1) What is the single most important technical limitation in Claim 1?

The method requires skin disruption that penetrates the stratum corneum without penetrating the entire epidermis, while delivering a live, modified, non-replicating poxvirus that causes local infected-cell expression of viral proteins and the antigen.

2) Does the patent restrict the antigen to tumors only?

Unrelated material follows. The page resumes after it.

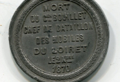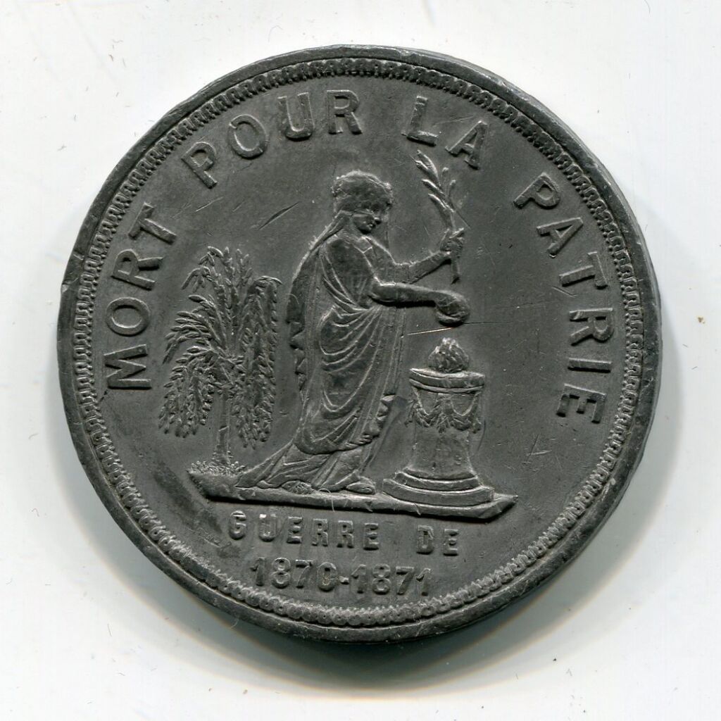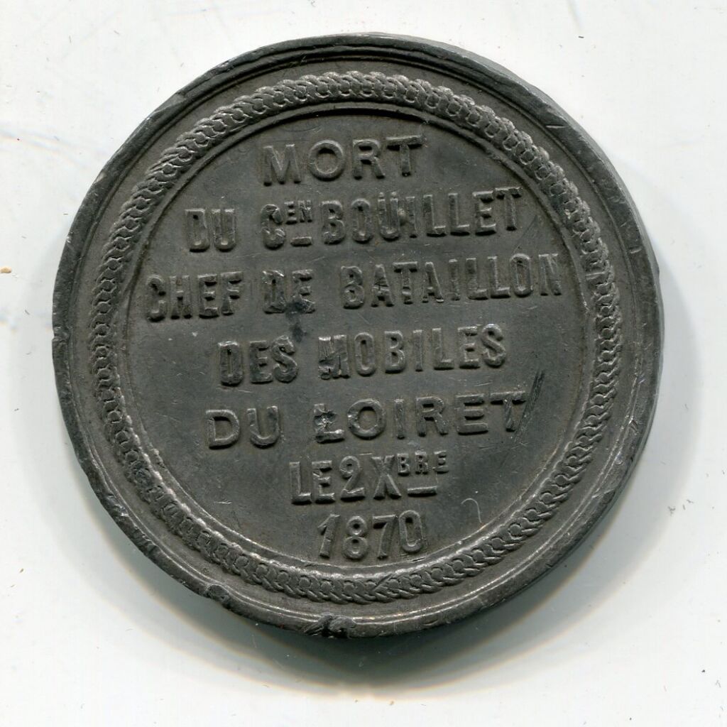 En centre femme debout, vêtue à l'antique, tenant une palme et sacrifiant sur un autel ; à gauche saule pleureur - Revers : "MORT du Gen BOUILLET, CHEF de BATAILLON des MOBILES du LOIRET LE 2 Xere (décembre) 1870 ". -

No. Claim 1 covers an “exogenous T cell antigen.” Claims 6-8 provide oncology examples, and Claims 9-10 provide infectious disease examples.

3) Does adding cytokines or co-stimulatory molecules help a competitor avoid infringement?

It is unlikely. Claims 11-12 broaden permissible immune modulators and timing, which typically increases overlap with competitor designs rather than decreasing it.

4) Are vaccinia strains constrained?

Vaccinia is constrained in Claim 3-4 to vaccinia virus, and Claim 4 lists strains (WR, Wyeth, ACAM2000, Lister, LC16m8, Elstree-BnM, Copenhagen, Tiantan) with modifications. Still, the “derived by natural or artificial modification” language supports broad coverage.

5) What does the kit claim add beyond the method claim?

Claim 13 adds a device that delivers poxvirus with the same penetration depth constraint (stratum corneum-only), plus the live modified non-replicating poxvirus expressing an antigen in sufficient amount for local infection and lymph node T-cell response.

References

[1] United States Patent 9,416,371. Claims provided in the prompt.